Backpack baby carriers aren't just for people who want to take hikes on nature trails with their tots in tow. Many parents use the carriers for less exotic trips to the mall, the zoo, or just to walk the dog.
Most backpack carriers are for children old enough to sit up independently, with full head and neck control. That's usually around 6 months of age. Although some carriers feature moldable head and neck support for children as young as 3 months, we don't recommend them.
Backpack carriers can typically be used to carry a child and gear totaling 30 to 50 pounds, although some models can carry as much as 70 pounds. The weight of the pack itself can add another 4 to 7 pounds to the load, so consider that when choosing a pack. A heavier model might make it more difficult for you to carry your child.
Most backpack carriers have an aluminum or aluminum alloy frame, which, together with the waist or hip belt, distributes the weight of the baby and your gear along your back, shoulders, and hips, rather than all on your shoulders and neck, as some front infant carriers do, especially those without a waist belt.

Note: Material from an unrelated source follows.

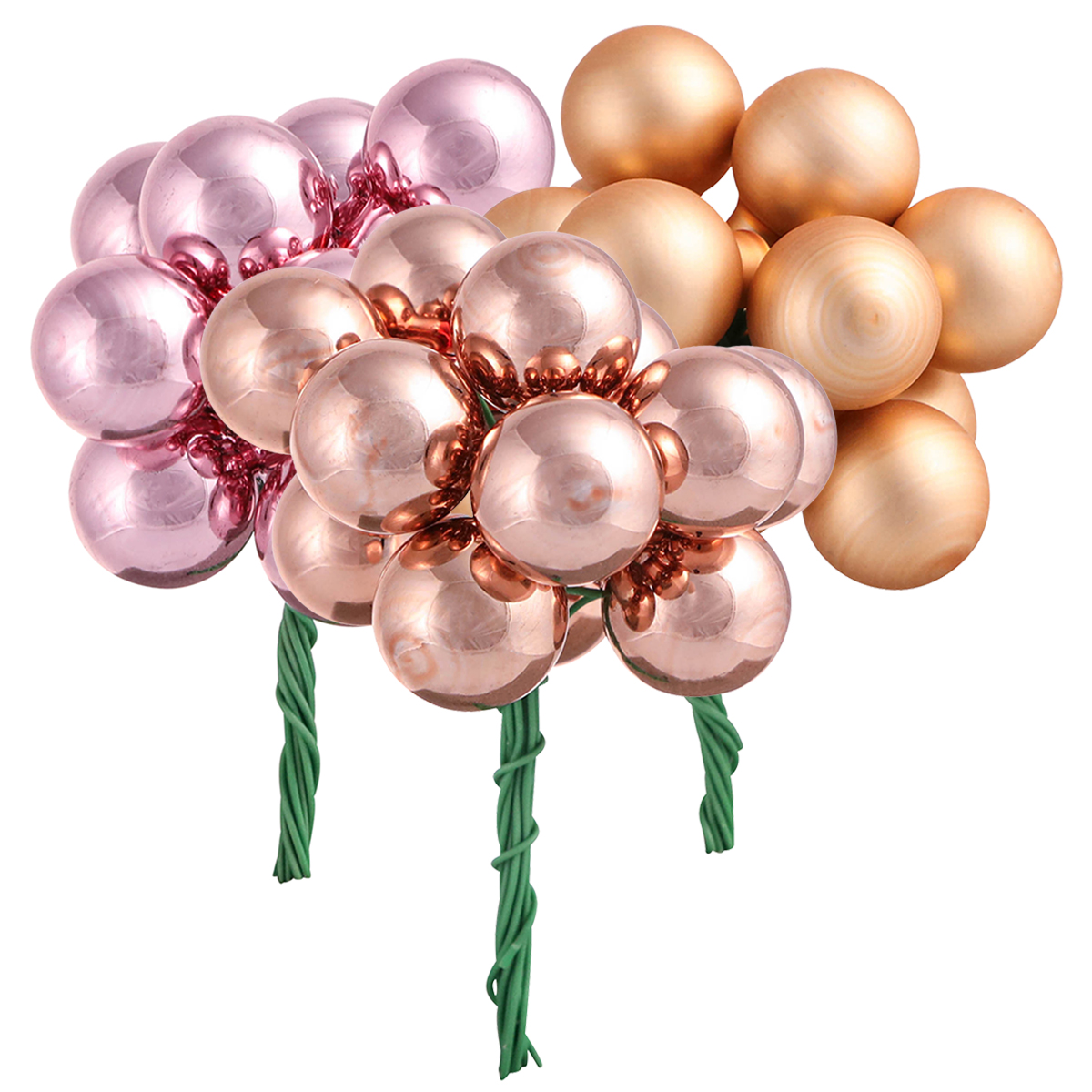 A kiváló minőségű tükörbogyók üvegből készülnek, matt és fényes kombinációban. Minden golyó külön-külön van rögzítve a zöld huzalhoz, ami lehetővé teszi a könnyű és változatos rögzítést. Körülbelül 20 mm átmérőjűek, ideálisak mini karácsonyi bálnak, és ideálisak adventi koszorúk vagy ablakdíszek egyedi díszítésére.

Wearing a pack with a padded hip belt that feels comfortable is critical, says Scott Bautch, a chiropractor, CEO of Allied Health Chiropractic Centers in Wisconsin, and father of six. "The majority of the weight should be carried on your hips. The shoulder straps are only there to control the motion of the backpack. You should fit the pack from your hips up, not your shoulders down."

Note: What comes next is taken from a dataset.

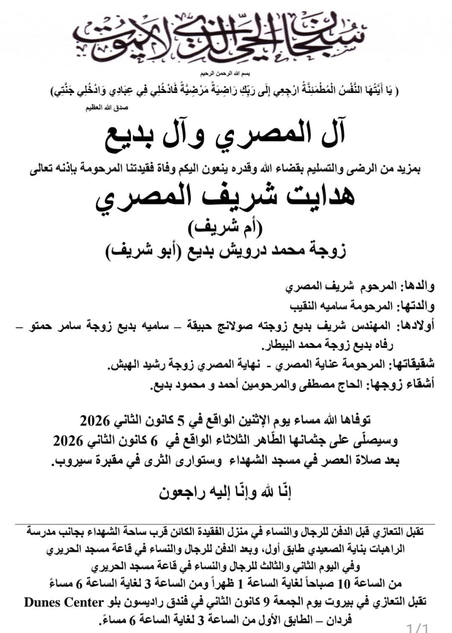 وفاة هدايت شريف المصري (ام شريف)، الدفن عصر يوم الثلاثاء في 6 كانون الثاني 2026 الإثنين 05/كانون الثاني/2026 - 10:53 م 1/5/2026 10:53:55 PM شارك

Backpack carriers are a good choice when your child can sit up completely by herself, will have full head and neck control for the length of time you plan to put her in the carrier, and fits comfortably in the pack. But even though your child's weight is evenly distributed by the carrier, don't expect a backpack carrier to make your load light. A 25-pound child will still feel heavy after awhile.

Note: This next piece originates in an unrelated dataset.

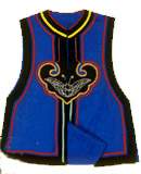 图案内容 挑绣图案的内容多为吉祥如意,憧憬未来,如“团花似锦”、“鱼水和谐”、“凤穿牡丹”,等等。这些装饰性很强的挑绣艺术品主要用在服装穿戴上,一是美观,二是耐磨,是典型的实用美术。

Most framed backpack carriers come with a built-in stand that makes it easier to load your baby in and mount him on your back. The carrier can stand up while you get baby settled and prepare to strap it on. But this feature definitely doesn't mean the carrier is stable enough to be used as a baby seat on the ground or any other surface.
Seats and shoulder harnesses on backpack carriers are made of moisture-resistant fabric. Many models have multiple positions for the wearer as well as the child. The carriers usually have densely padded shoulder straps and hip belts, storage compartments, sun/rain hoods, and toy loops. Extras may include a changing pad, a removable diaper bag, a rear-view mirror to watch your baby without removing the pack, a removable insulated bottle holder, a detachable pillow so your child can nap on the go, and multistorage compartments for baby gear.
Backpack carriers can be cumbersome and expensive, though. Many are designed for the great outdoors and might be more than you need if your idea of an adventure is a trek to the grocery store with your baby onboard. And those with a substantial aluminum frame can also take up a lot of storage space.
Some smaller backpack carriers are better designed for everyday use. These "urban" carriers look more like a regular backpack but still have a structured frame to support your child. They're less bulky than some of the more traditional backpack carriers and are more easily packed for short trips.